Personal information
- Full name: Martin McKinnon
- Born: 5 July 1975 (age 50) Adelaide
- Original team: Central District
- Draft: 26th, 1992 AFL draft
- Height: 189 cm (6 ft 2 in)
- Weight: 94 kg (207 lb)

Playing career^{1}
- Years: Club / Games (Goals)
- 1994 – 1995: Adelaide / 25 0(7)
- 1996 – 1998: Geelong / 54 (38)
- 1999 – 2000: Brisbane Lions / 07 0(5)
- Total:  / 86 (50)
- ^{1} Playing statistics correct to the end of 2000.

Career highlights
- AFL Rising Star nominee: 1995;

= Martin McKinnon =

Australian rules footballer

Martin "Marty" McKinnon (born 5 July 1975 in Adelaide) is a former Australian rules footballer who played with Adelaide, Geelong and the Brisbane Lions in the Australian Football League (AFL).

McKinnon was recruited by Adelaide in the 1992 AFL draft, with their first ever national draft pick. He was the youngest player on Adelaide's list at the time and played for Central District in the SANFL when not appearing with Adelaide. He made his AFL debut late in the 1994 AFL season and was a regular in the team the following year, playing mostly as a wingman.

He twice received the maximum three Brownlow votes while with Adelaide, for 23 disposals in a win over reigning premiers Essendon in 1994 and for 25 disposals against St Kilda for which he received an AFL Rising Star nomination in 1995. He also represented South Australia's State of Origin side in their 1995 encounter against Victoria.

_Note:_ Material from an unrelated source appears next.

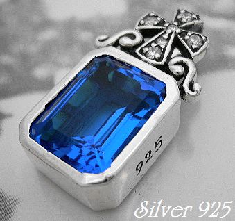 - シルバー925銀のブルージルコニア[レクタングルカット]十字架ジルコニア付ペンダント/S&A silver
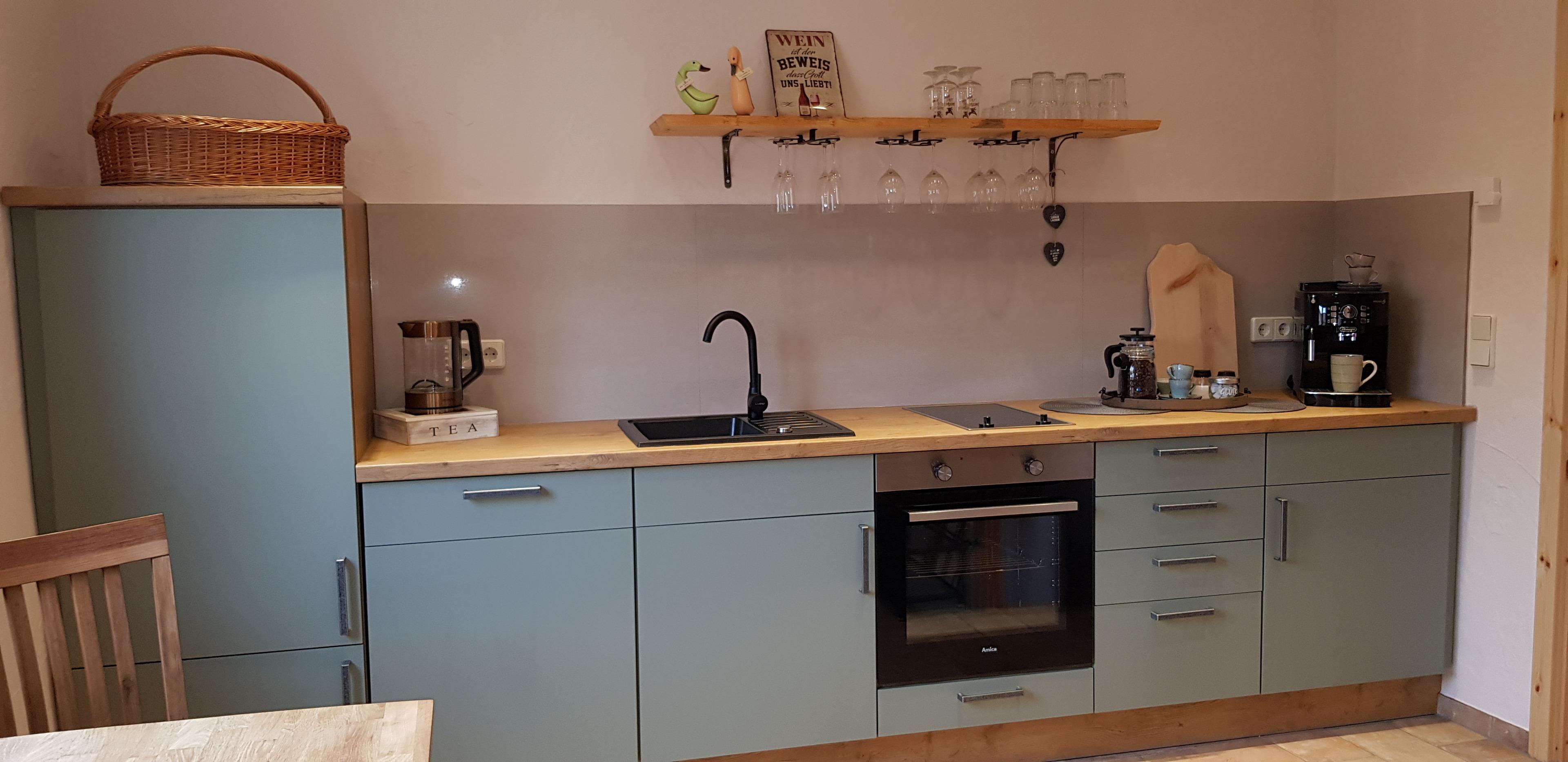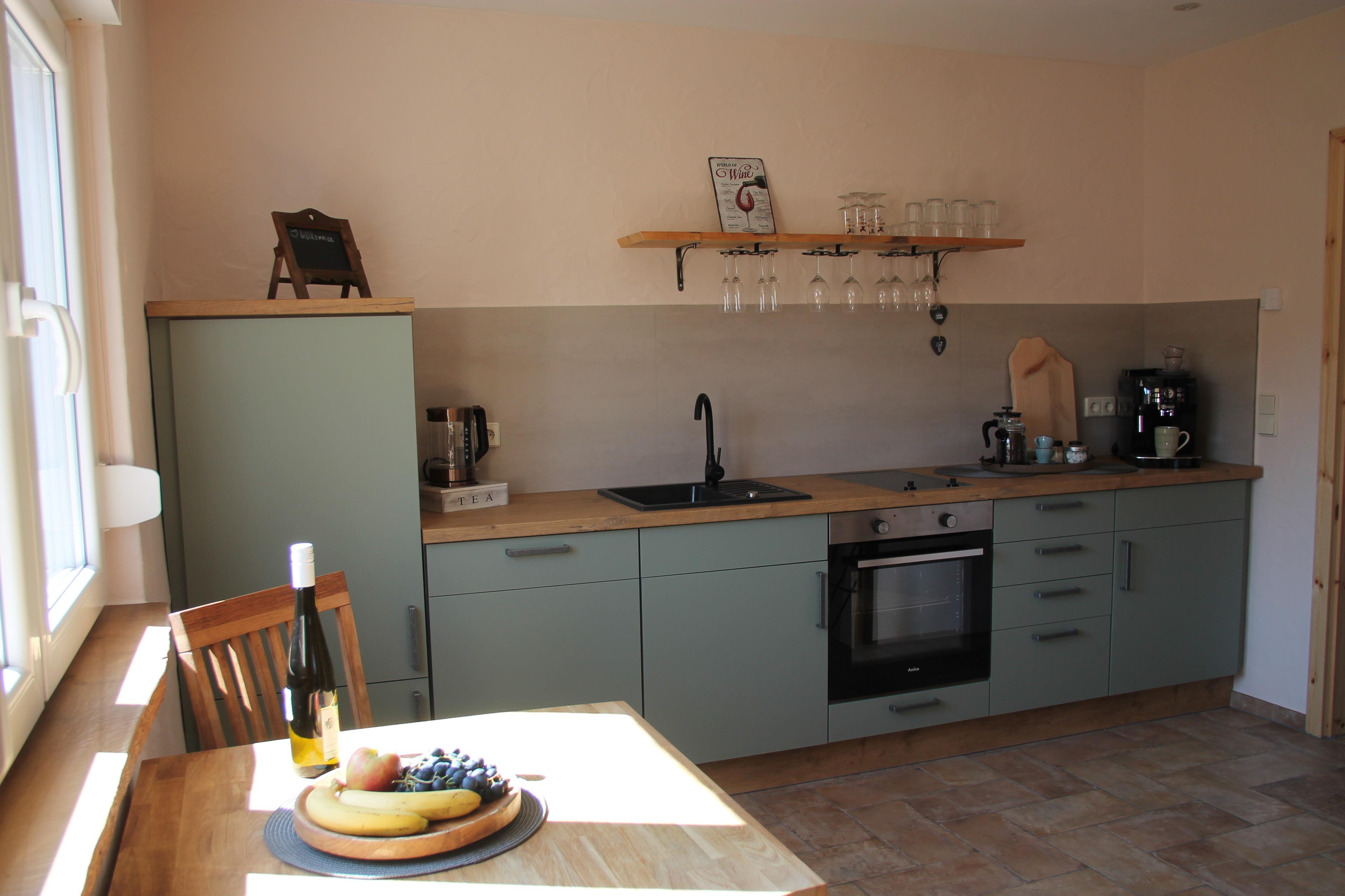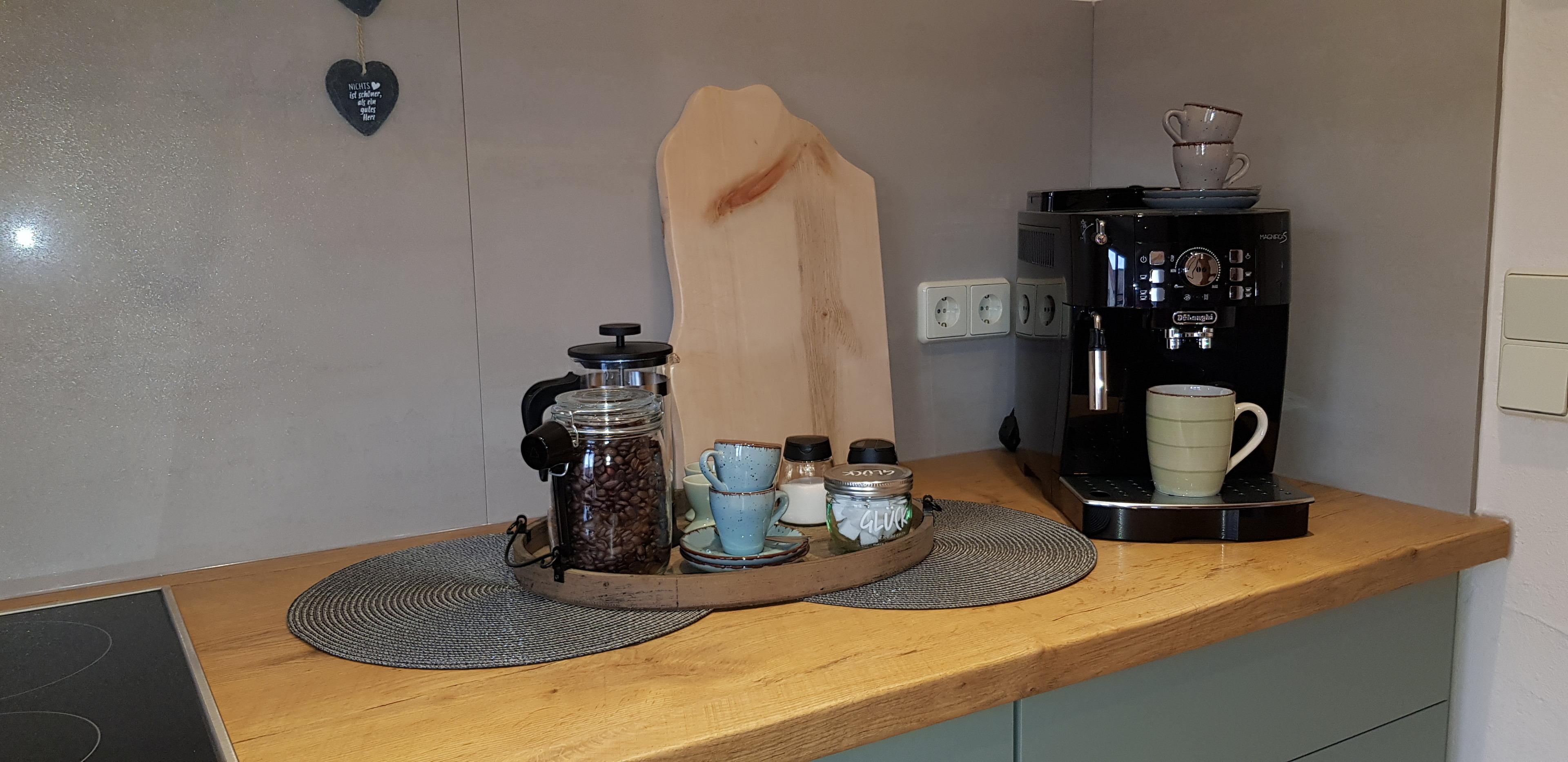 Die Wohnung hat eine komplett eingerichtete Küche mit Sitzbereich. Selbstverständlich steht Ihnen ein Kaffeevollautomat, Toaster, Wasserkocher und Teesortiment zur Verfügung.

A left footer, McKinnon was traded to Geelong at the end of the 1995 season in a trade which helped bring Darren Jarman to Adelaide. He played in Geelong's first 18 games in 1996 and also a Qualifying Final. In 1997 he did not miss a game and appeared in two further finals. He had been used as a small forward that season and kicked 23 goals.

After three seasons at Geelong, McKinnon was traded to Brisbane for Scott Bamford and Tristan Lynch.

The nephew of SANFL great Phil Gallagher, McKinnon returned to his initial club Central District in 2001 and played in a premiership.